The typical practice in behavioral research is to examine the effects that
different schedules of reinforcement have on the flow of behavior within
an individual subject. This is in contrast to the between subjects,
"snapshot" designs that are more typically used in psychology. The flow
of behavior is most often measured using the rate (or frequency) of the
occurrence of the behavior over time. The essence of a schedule of
reinforcement is to explain the relationship of the occurrence of
reinforcement relative to the occurrence of behavior. The terms of the
relationship are most often expressed in rules regarding how often, or
under what conditions a particular behavior will be reinforced.

The first distinction in the different types of schedules of reinforcement
that can be made is between continuous reinforcement (CRF) and
intermittent reinforcement (INT). The simplest way to explain this
distinction is to say that, under a CRF schedule, every time the behavior
occurs, it is followed by reinforcement. In an INT schedule, not every
occurrence of the behavior is reinforced.

Within INT schedules, there are two different types, ratio schedules and
interval schedules of reinforcement (discussed below). And each of these
schedules can be even further defined as being either a fixed schedule or
a variable schedule.

The CRF schedule is actually a 1:1 (behavior:reinforcement) ratio schedule
- every time the behavior occurs, it is reinforced (the highest degree of
certainty of reinforcement possible). Many examples of CRF exist in our
immediate surroundings. For example, every time we flip a light switch,
the lights come on (or go off). Every time we turn the fawcet, the water
begins to flow. In many other situations, not every occurrence is
reinforced, but each subsequent occurrence of the behavior brings us
closer to the occurrence of reinforcement. For example, a 10:1 fixed
ratio schedule (usually expressed as FR10) tells us that it takes 10
occurrences of the behavior to attain the reinforcer (BTW, a CRF schedule
may also be expressed as FR1) . One illustration of this type of schedule
that sometimes occurs in "real life" is the piece rate method of
compensation. The more widgets we produce, the more we will get paid.

In a 10:1 variable ratio schedule (VR10), ON AVERAGE, every 10th response
is reinforced. Sometimes the reinforcer follows the 8th response, other
times the 12th response, then the 5th, then the 13th, then the 9th..., but
on average, reinforcement is provided for every 10th response (as opposed
to definitely following the 10th response). Sales representatives often
are on a VR schedule in relation to the frequency that their sales calls
are reinforced with an actual sale. They can't be sure whether or not the
next sales call will result in a sale, but they may also know that, on
average, every 8th sales call produces a sale (VR8). And they also know
that, generally speaking, the more sales calls that they make, the more
sales they will generate.

[The following paragraphs (between the brackets) address the phenomenon of
gambling addiction from a behavioral understanding.
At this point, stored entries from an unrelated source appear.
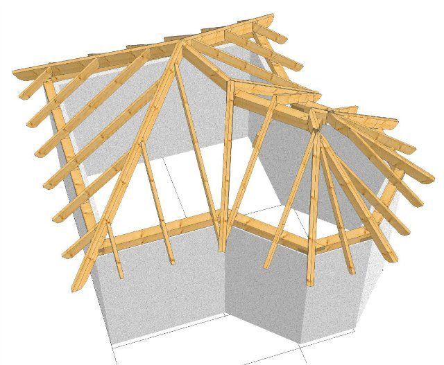 - Hanche. Pour les dépendances sur le mur, trois pentes sont plus souvent utilisées. Convient pour les baies vitrées rectangulaires et multi-facettes.
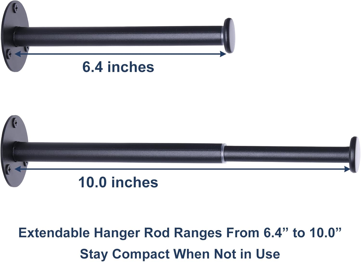 • Extendable Design: Hanger rod can extend from 6.4" to 10", holding up to 37 plastic hangers per rod while staying compact when not in use.
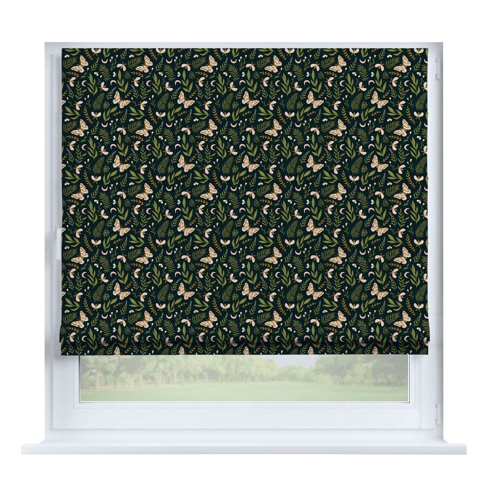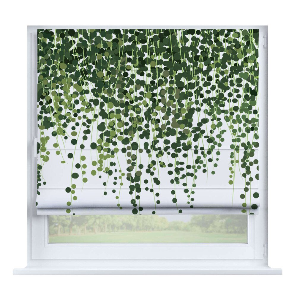 Римская штора для проёма лён димаут тёмно-зелёный, карниз верёвочный
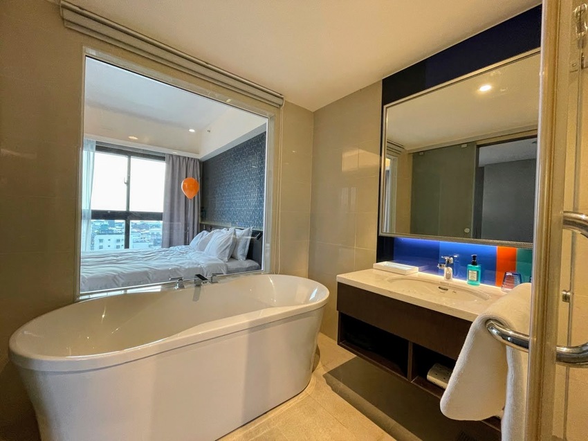 - 部分房型內設有浴缸,並可以在房內看西子灣夕陽,而且走路到駁二特區也很近喔。
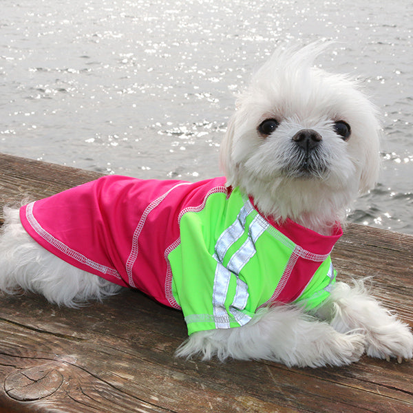 When the sun is out, our pampered pooches are having fun outdoors too. Despite all their fur, dogs can develop skin cancers, so limiting sun exposure is important. Our fashionable relaxed fit silk weight Cooling Sun Tee T-shirts block sun's harmful ultraviolet rays with a rating of UPF 50+, reducing exposure by 98%.
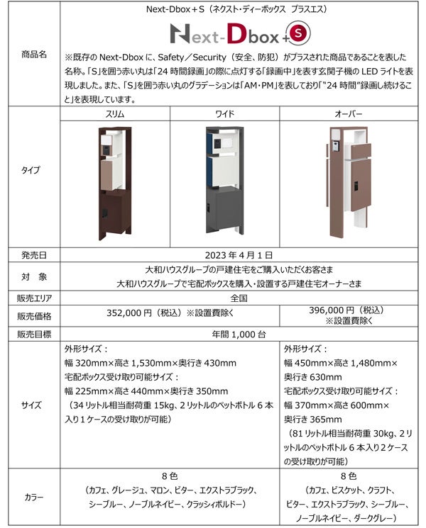 業界初 24時間防犯カメラ機能付きインターホンを搭載した戸建住宅向け宅配ボックス「Next-Dbox+S(ネクスト・ディーボックス プラスエス)」共同開発
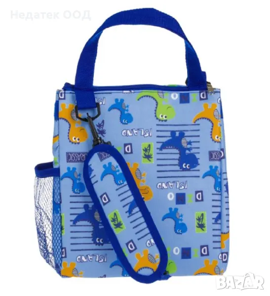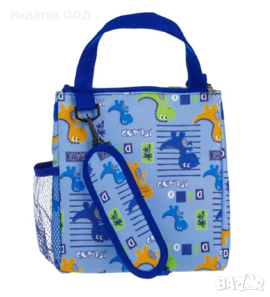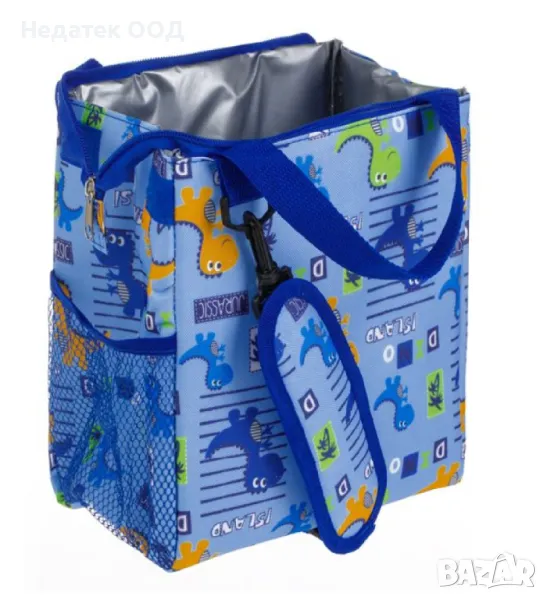 Правоъгълна изотермична индивидуална чанта за обяд за момче в цвят сиел и синьо с дизайн на динозавър в различни цветове. От външната страна е изработена от пластифициран материал за лесно и бързо почистване, а отвътре е с покритие, което спомага за запазване на температурата на храната. Има мрежест джоб отстрани, затваря се с цип в синьо, има хриц храсти отстрани, за да стои стабилно изправен и се носи лесно с късите дръжки или дългата регулируема презрамка.
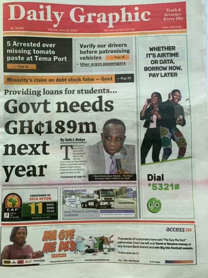 Newspaper Headlines: Monday, June 10, 2019 Newspaper Headlines June 10, 2019 7:13 am - Audio By Carbonatix FacebookWhatsAppTwitterTelegramEmailPinterestPrint Previous articleLotto receiver defiles 11-year-old girlNext articleArrest warrant issued for Ofosu Ampofo RELATED ARTICLES Newspaper Headlines Newspaper headlines: Monday, November 24, 2025 Newspaper Headlines Newspaper headlines: Friday, November 21, 2025 Newspaper Headlines Newspaper headlines: Thursday, November 20, 2025
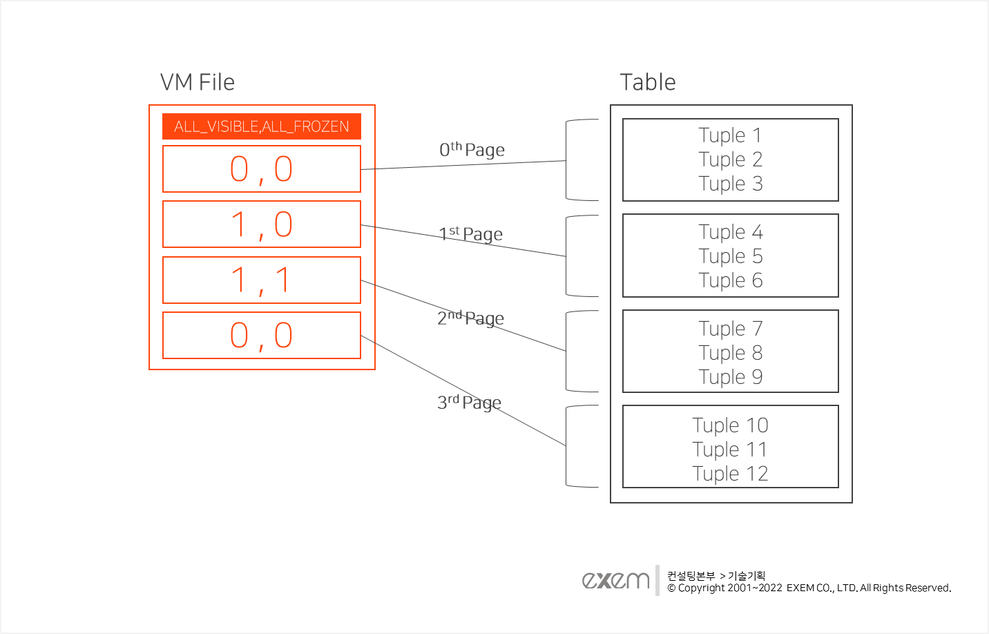 VM이란 Heap Relation(*테이블)을 구성하는 개별 페이지의 상태를 2개의 Bit값으로 표현하는 메타정보 파일이며 페이지가 포함하는 Tuple(Row)들의 상태 정보를 축약해서 담고 있습니다.
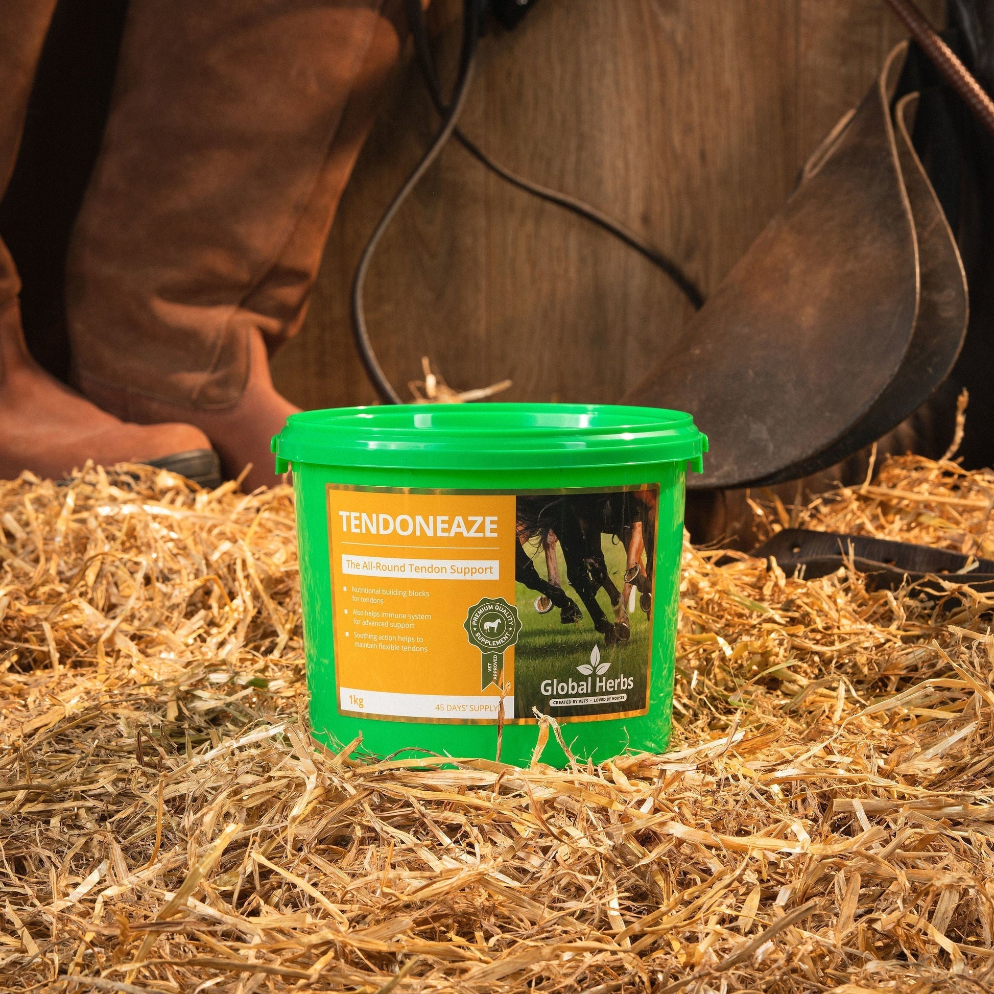 TendonEaze offers advanced nutritional support for tendons and ligaments. This premium supplement helps to maintain normal cellular division and provides the building blocks necessary for tissue development. TendonEaze helps to soothe knocks and strains and aids normal recovery. TendonEaze is ideal for maintenance and regular roadwork. Suitable for all horses and ponies. THE ALL-ROUND TENDON SUPPORT
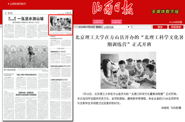 【山西日报】德赢AC米兰官网在方山县开办的“北理工科学文化暑期训练营”正式开班

If you wish to
maintain the cohesiveness of the presentation of the basics of schedules
of reinforcement, please skip ahead to the paragraph following the end
bracket.

An exceptional ratio schedule of reinforcement applies to the slot machine
(and actually to most games of chance) and here's where the gambling
addiction comes into play. Every time the arm of the slot machine is
pulled (or the dice is rolled, or the wheel is spun,...) the probability
of hitting the jackpot stays the same. Since each cycle is statistically
independent of all other trials, more pulls of the arm do not necessarily
bring you any closer to the realization of reinforcement. This is
sometimes called a random ratio of reinforcement.
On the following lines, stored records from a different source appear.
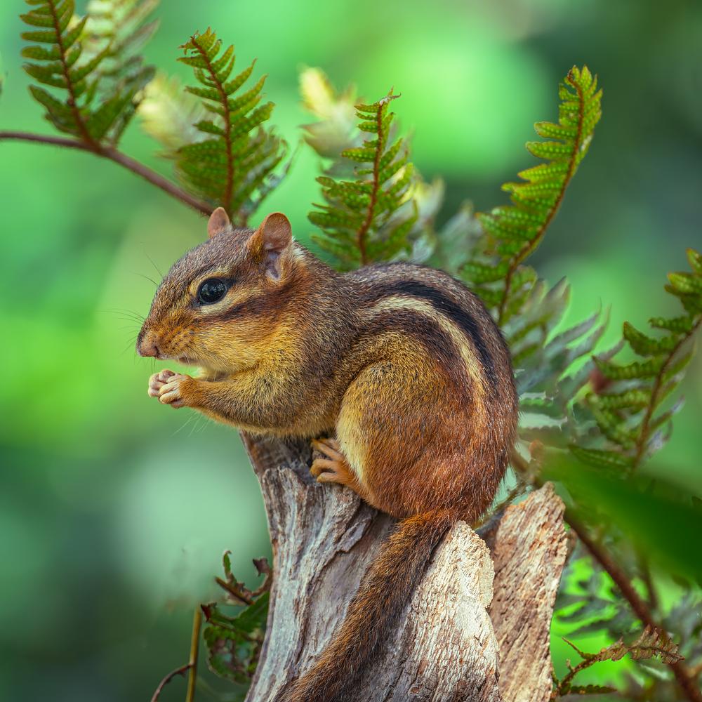 A chipmunk relaxes on an aged stump beneath the curls of an elegant fern.
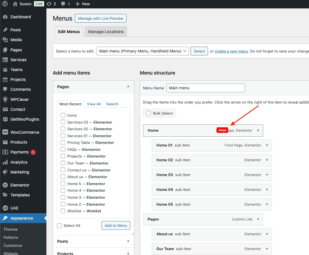 Step 3 - Click the button Mega to create the Mega menu for Item. So this Mega menu will show when you hover over the Item you choose to ad Mega menu.
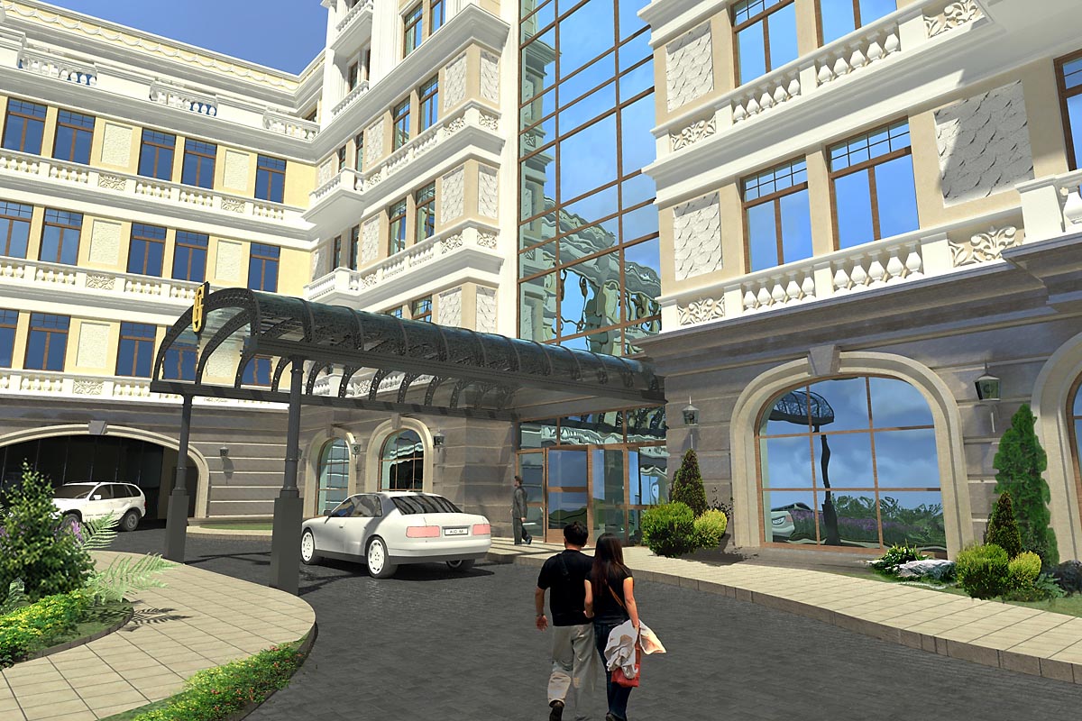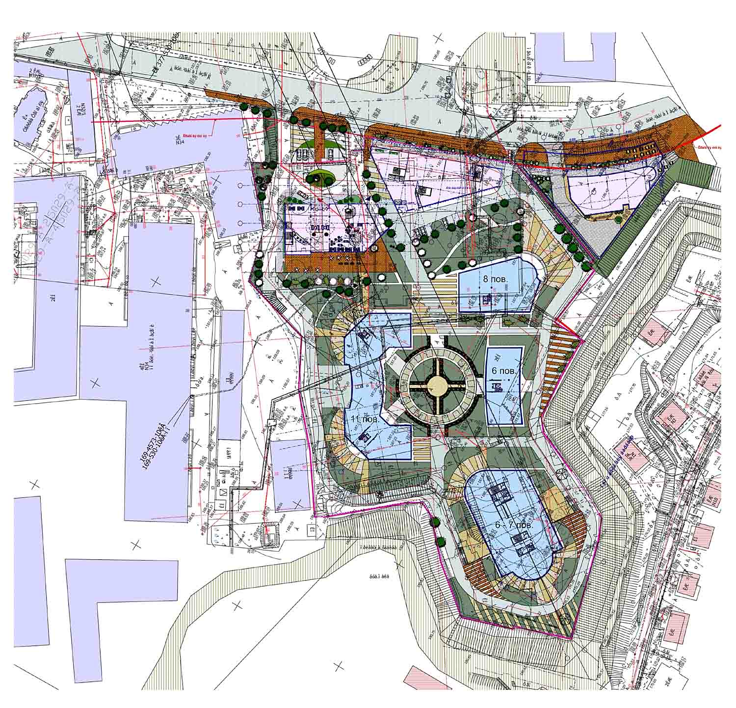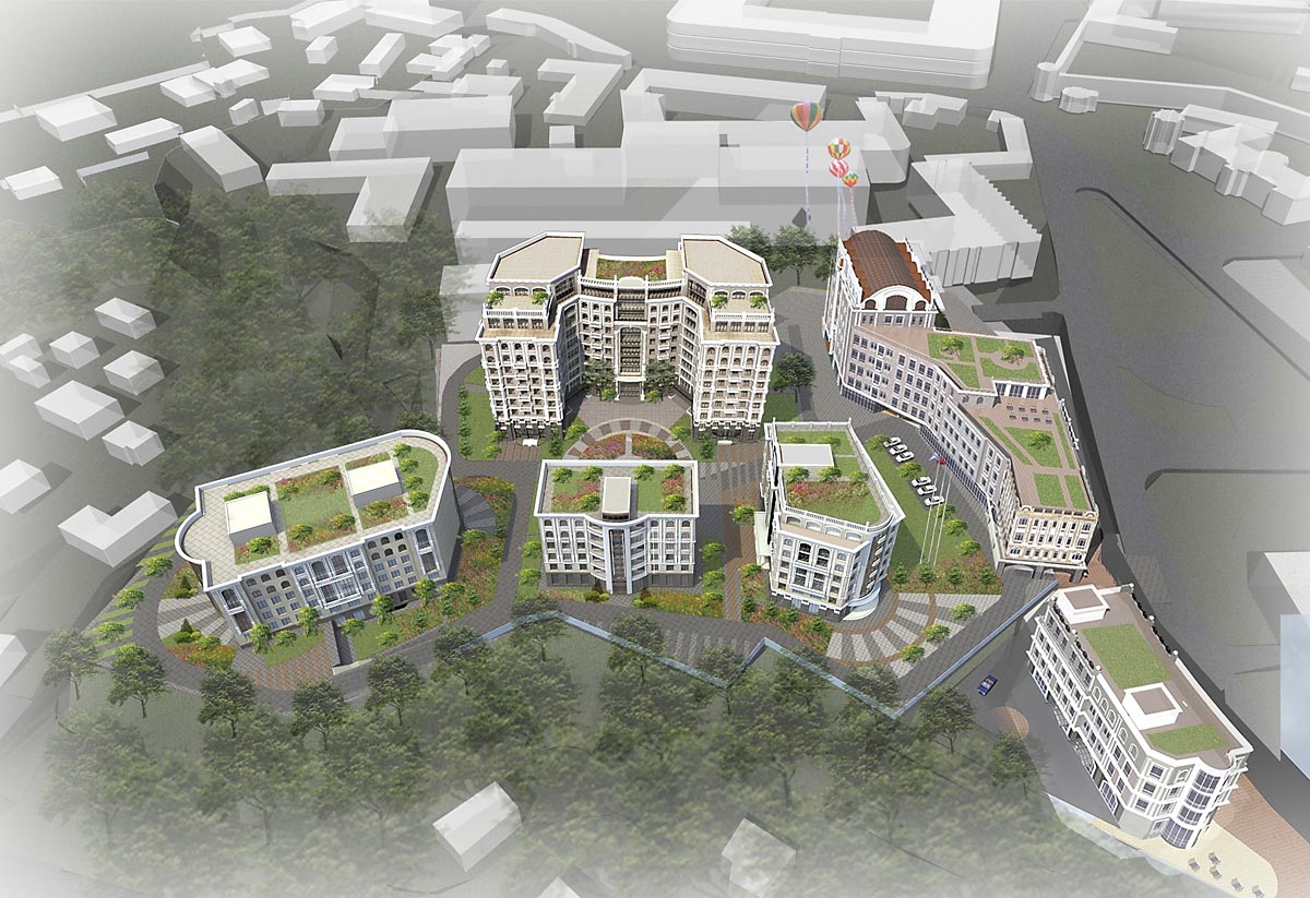 Проект общественного комплекса с объектами гостиничного назначения и паркингом по улице Ивана Мазепы 38, 40 в городе Киеве Авторский коллектив: гл. спец.архитектор С. Рыченкова, архитектор Е.Антипова, архитектор Л. Водецкая, архитектор С. Саик, архитектор Л. Антонюк Вариант 1 |

These schedules can powerfully attract behavior, and the casinos use this
knowledge to their advantage. The cheaper slot machines will pay out on
more combinations of icons (and they may also have fewer possible
combinations of icons, also increasing the likelihood that a "hit" will
occur). They also vary the amount of payout (reinforcement) given for
each winning combination. I have heard that some slot machines are
actually programmed to payout more than they take in (for example, those
in the high traffic areas) in order to "hook" the passer-by and get them
to play the machines that will make money for the casinos. In all cases,
the machines can be programmed to always provide a profit to the casino
(if you play long enough, you will lose all of your money for the pleasure
of pulling the handle). In most cases, as the amount of money required to
cycle the slot machine goes up, either the number of possible combinations
for the machine is increased (reducing the likelihood that you will have a
winning combination) or the number of winning combinations is reduced.
While the payout, when it happens, is increased, the margin of profit
generated by the machine for the casino generally goes up with the more
costly slot machines.

Another area related to reinforcement that enters into the picture with
gambling is an interrelationship between the types of reinforcement that
is available. Most individuals begin gambling because of the potential
positive reinforcement that comes from the possibility of winning more
than you came with. Casinos will further enhance this by providing
antecedents (they will point out how many other winners there have been,
and maybe how much they have won in their advertisements, they set off all
kinds of sirens and bells when someone "hits" on a slot machine to let
others know that they have won - this also enhances the winning experience
for the gambler). However, at some point, a new dynamic enters into the
picture. The gambling behavior will escalate as people begin to take new
risks to try and compensate for their losses (a negative reinforcer).
They become entrapped in an escalating cycle from which they find it
harder and harder to extricate themselves.

There is a training exercise that captures the essence of this dynamic
that goes something like this: An auction is set up where people in the
session will begin bidding to "purchase" a $20 bill (or some other amount
of currency - I am trying to stay mindful of the fact that this list has
an international list of subscribers). The highest bid will get the
money. If these are the only rules, the bidding will never exceed $20
dollars (an even exchange), but if you add one additional rule, the
bidding will often go much higher. The additional rule is that the person
with the second highest bid will have to also pay in the amount that they
bid, but they will get nothing in return. The highest bid gets the $20
bill, often at a loss (if they bid higher than $20).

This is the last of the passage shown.